Nothing but the lines from the first line of the entries through the line with "蔡健雅原計畫今年籌備新專輯,但受疫情影響" should appear in the answer, transcribed exactly and free of pictures.

:: Input data ::

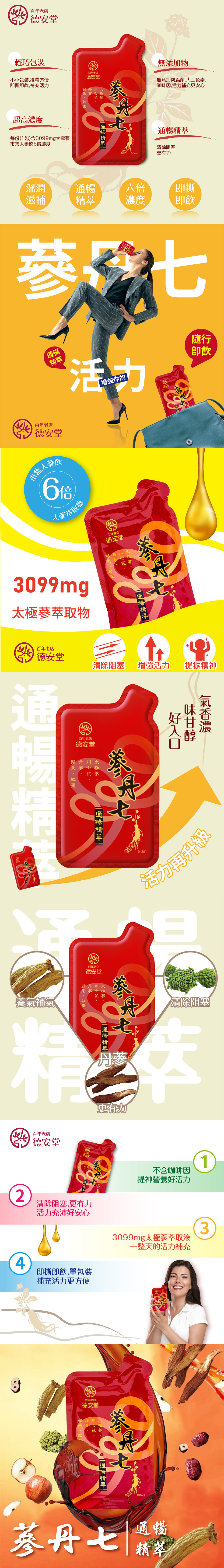 品 名:德安堂蔘丹七通暢精萃(80毫升 X 5包 / 盒)
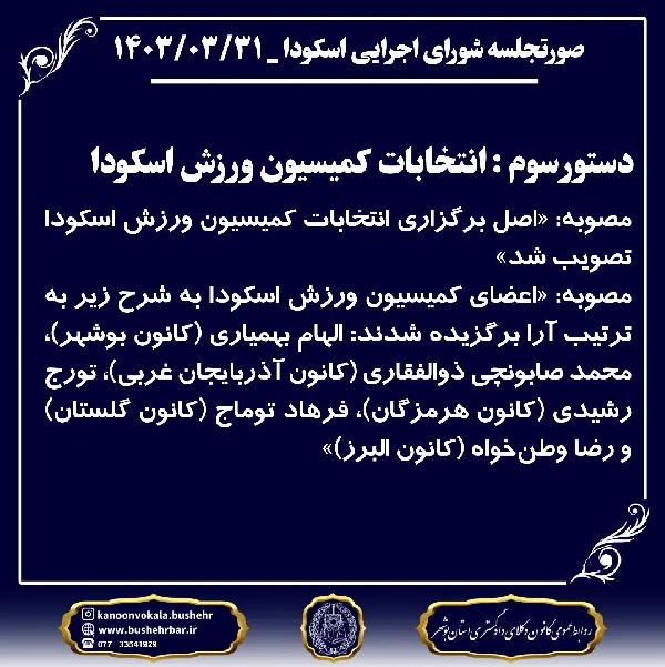دستور سوم : انتخابات کمیسیون ورزش اسکودا
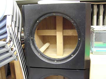| こちらは上述のサブウーハーのエンクロージュア。内部は十字に補強梁が張られている。フロント板厚は12mm+18mmの計30mmだったと思う。合板の種類まで聞き忘れたが、たぶんシナ合板だと思う。
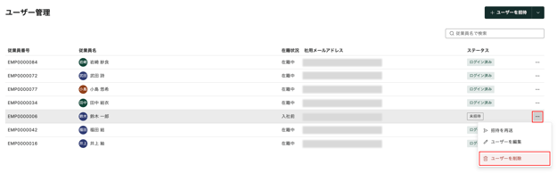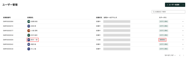 - 「ユーザー管理」画面で、招待を削除した従業員が表示されないことを確認します。
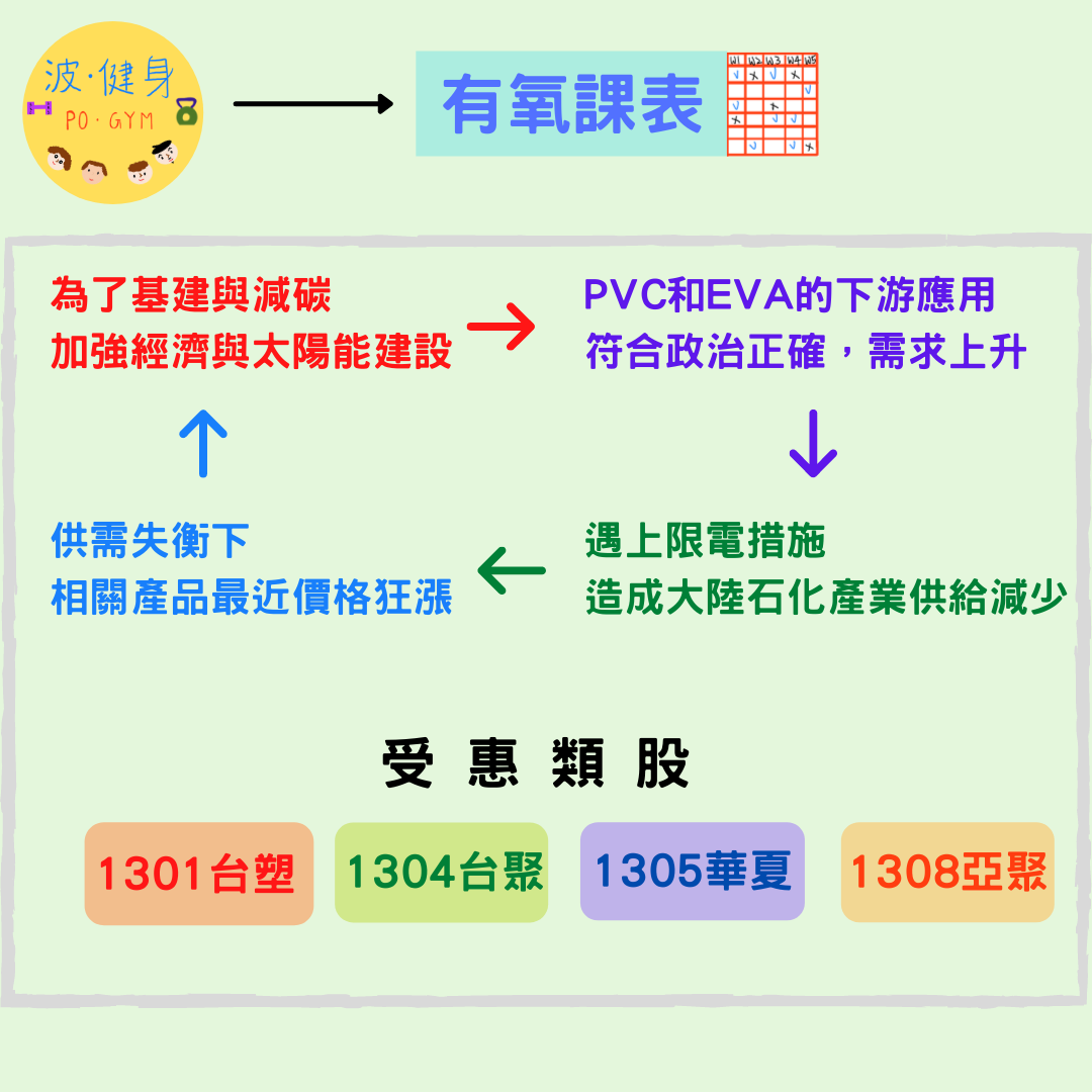 因著基建與太陽能建設,加上下游應用,在限電政策下,石化產業供給減少,帶動了相關價格上揚,也因此帶動起塑化類股。
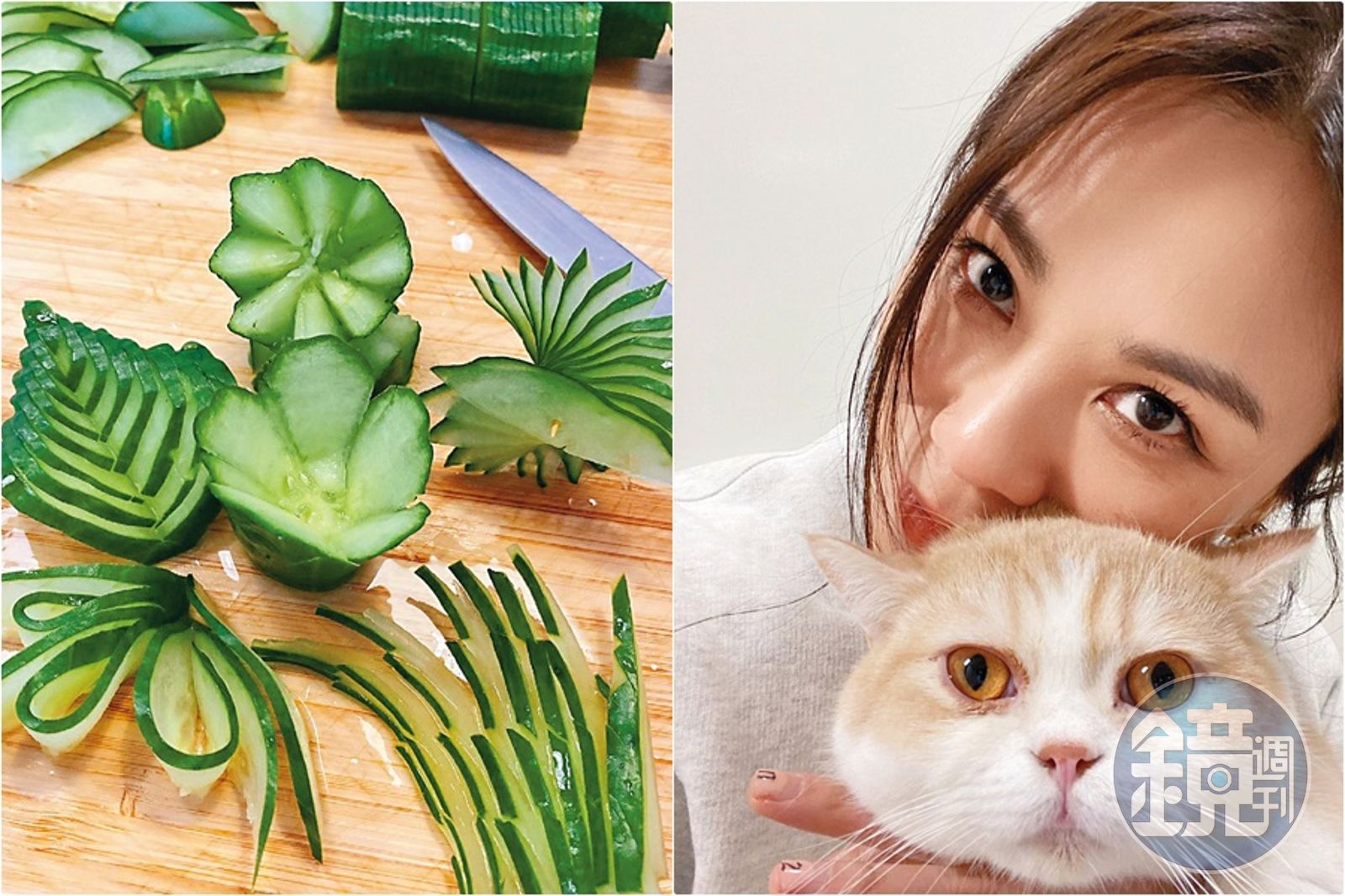蔡健雅原計畫今年籌備新專輯,但受疫情影響,只好乖乖宅在家。這位金曲歌后最近迷上種菜與健康料理,特別是創意擺盤,連芒果、小黃瓜都放不過;她不只將芒果雕琢成金魚的模樣,更將小黃瓜細切出8層金字塔,精湛的刀工讓人嘆為觀止,難道這就是《中華一番!》第10話-傳說的「羅漢水晶斬」?(嚇到後退3步)蔡健雅苦笑說:「想到這2天要吃的小黃瓜,就抖了一下。」
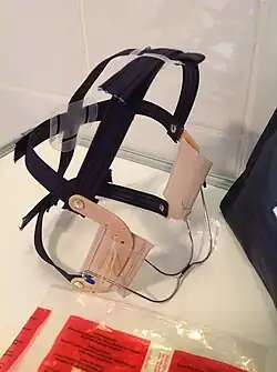 - Eine Variante der Delaire-Maske ist das Tübinger Modell, bei dem die Maske durch ein Gummiband am Hinterkopf gegen Verrutschen gesichert wird.[5]
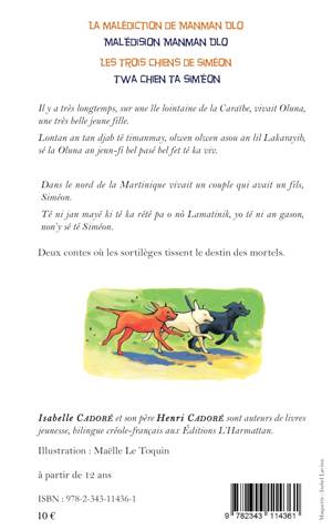Il y a très longtemps, sur une île lointaine de la Caraïbe, vivait Oluna, une très belle jeune fille. Lontan an tan djab té timanmay, olwen olwen asou an lil Lakarayib, sé la Oluna an jenn-fi bel fet té ka viv. / Dans le nord de la Martinique vivait un couple qui avait un fils, Siméon. Té ni jan mayé ki té ka rété pa o nò Lamatinik, yo té ni an gason, non'y sé té Siméon. Deux contes où les sortilèges tissent le destin des mortels.

:::

#### Solution for this problem
 品 名:德安堂蔘丹七通暢精萃(80毫升 X 5包 / 盒)
دستور سوم : انتخابات کمیسیون ورزش اسکودا
| こちらは上述のサブウーハーのエンクロージュア。内部は十字に補強梁が張られている。フロント板厚は12mm+18mmの計30mmだったと思う。合板の種類まで聞き忘れたが、たぶんシナ合板だと思う。
 - 「ユーザー管理」画面で、招待を削除した従業員が表示されないことを確認します。
 因著基建與太陽能建設,加上下游應用,在限電政策下,石化產業供給減少,帶動了相關價格上揚,也因此帶動起塑化類股。
蔡健雅原計畫今年籌備新專輯,但受疫情影響,只好乖乖宅在家。這位金曲歌后最近迷上種菜與健康料理,特別是創意擺盤,連芒果、小黃瓜都放不過;她不只將芒果雕琢成金魚的模樣,更將小黃瓜細切出8層金字塔,精湛的刀工讓人嘆為觀止,難道這就是《中華一番!》第10話-傳說的「羅漢水晶斬」?(嚇到後退3步)蔡健雅苦笑說:「想到這2天要吃的小黃瓜,就抖了一下。」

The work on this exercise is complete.